Annual Precipitation min/max (mm)

500mm minimum

Drought Tolerance

Moderate tolerance. It is less drought tolerant than tall fescue.

Flooding Tolerance

Withstands 2-5 weeks of spring flooding. It withstands wet soils season long.

Winter Hardiness

Fair hardiness. Meadow fescue longevity is limited by winter hardiness.

Soil Texture Preference

Meadow fescue is best suited to moist or wet clay-loam to clay soils, but will grow on light textured soils with high moisture. Moisture is meadow fescue’s limiting factor.

Erosion Control

Moderate erosion control. Can be used as an initial species in waterways or channels to prevent erosion as it does not impede water movement.

Salinity Tolerance

Moderate tolerance.

Acidity Tolerance

Moderate tolerance.

Alkalinity Tolerance

Low tolerance.

Seeds per kg

507,000 seeds/kg (230,000 seeds/lb)

Suggested Mixtures

Meadow fescue is compatible in mixes. Species include alsike clover, birdsfoot trefoil, timothy and bromegrasses.

Ease of Establishment

Meadow fescue seedlings can establish well in the first season when competition is managed. It is noted to winterkill easily during the establishment year.

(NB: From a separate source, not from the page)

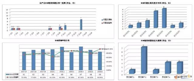 考核方式:此阶段BOM数据已经传输至下游部门及生产系统,此阶段的错误数据对管理成本影响较大;BOM准确率应保持99%以上。检查手段同上,BOM管理小组编制BOM运行定期统计报表。并将BOM数据错误明确到产品、部门、责任人,反馈给绩效管理部门,绩效管理部门以QCD标准扣除责任部门的当月绩效当量;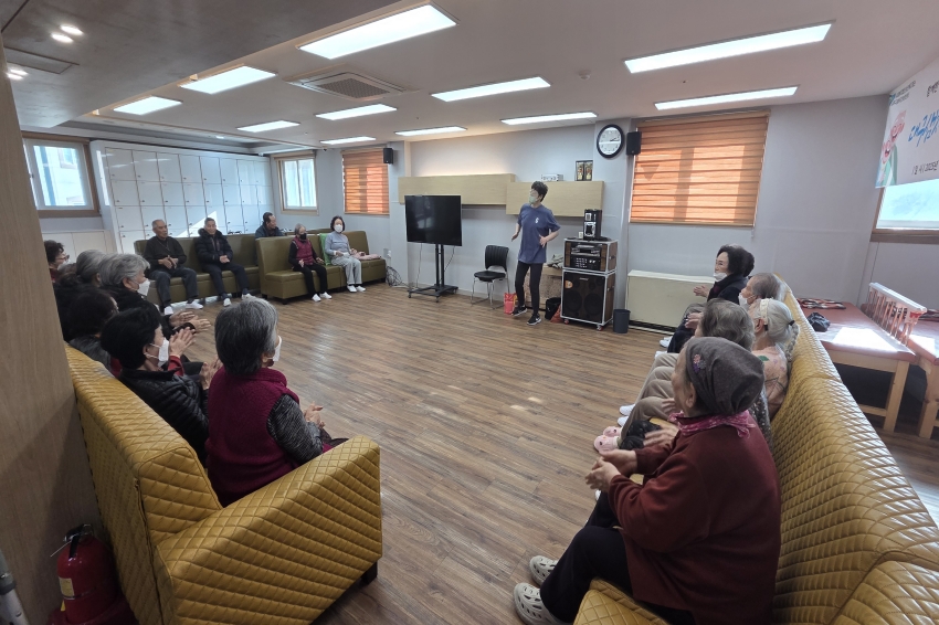 2026.01.14 실버레크레이션 프로그램 최고관리자 0 255 01.14 15:23 나른해지기 쉬운 오늘 오후, 우리 센터에서는 어르신들의 활력을 되찾아드리는 실버 레크리에이션 프로그램을 진행했습니다^^신나는 음악 리듬에 맞춰 팔과 다리를 힘차게 움직이다 보니, 쌓였던 피로가 어느새 웃음으로 바뀌었는데요.적극적으로 참여하며 즐거워하시는 어르신들의 모습 덕분에 센터 전체가 활기찬 에너지로 가득 찼던 시간이었습니다.

Meadow fescue has moderate competitive ability. Overall, its longevity is limited with cold winter conditions.

Management Considerations

Allow for adequate rest following defoliation. Cold hardiness is its major limitation making it a grass not frequently used in Western Canada. May serve well as a short rotation, good producing grass species for late season grazing.

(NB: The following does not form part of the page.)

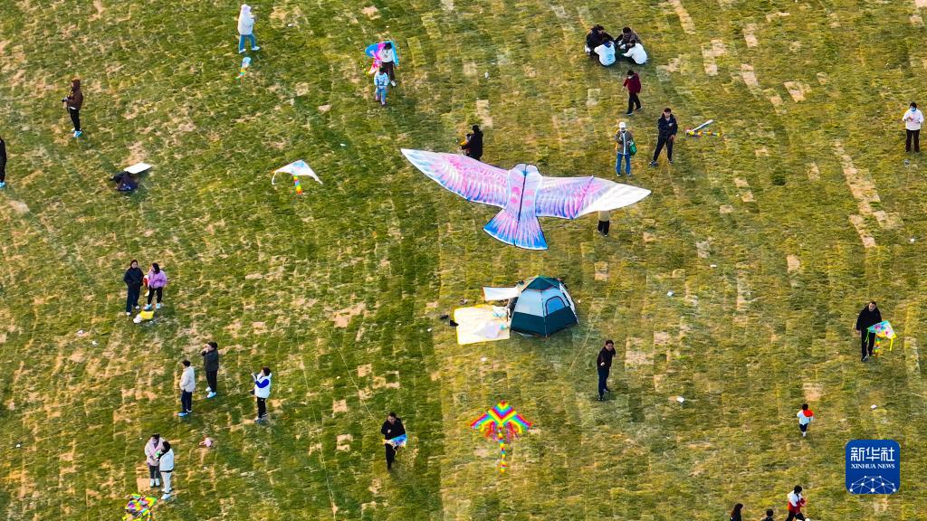 2月19日,安徽淮北市市民在中湖國家濕地公園游玩(無(wú)人機照片)。

Saskatchewan Dryland Forage Species Adaptation Tool, USDA, Manitoba Forage Adaptation and Comparison Guide, Alberta Forage Manual

Meadow fescue is adapted to warmer and more wetter areas of the Sub-Boreal Spruce, Interior Cedar-Hemlock and Sub-Boreal Pine-Spruce zones. In the southern part of the region, meadow fescue is adapted to the wetter areas of the Interior Douglas-fir zone, and to irrigated and subirrigated areas in the Bunchgrass and drier areas of the Interior Douglas-fir zone.

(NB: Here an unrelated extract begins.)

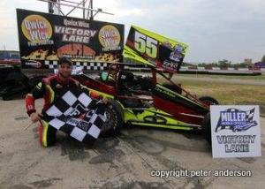 The Qwick Wick T.Q. Can-Am Midgets were also on hand, and it was a familiar face taking the checkered flag there. Cory Whittam wasted no time taking the lead virtue of a three-wide move on the opening lap, pacing the field the rest of the way en route to winning ahead of James Stanley and Daniel Hawn. Paul Jorgensen who led the field to green was fourth with Jr Farrelly completing the top-five, followed by Andrew Whelan, Jeff Blackburn, David Miller, Mike Westwood, and Tyler Sagan. Bob Bailey was 11th in front of Jody Bound, Sherry Hogan, Ryan Fraser, and Cassidy March.

Meadow fescue is adapted to the wetter parts of the Interior Douglas-fir zone, the Interior Cedar-Hemlock zone, and to irrigated and subirrigated areas in the Bunchgrass and Ponderosa Pine zones, and Interior Douglas-fir zone.

Meadow fescue has some adaptive characteristics suited to the Peace-Liard region, but only fair hardiness is likely to limit its use.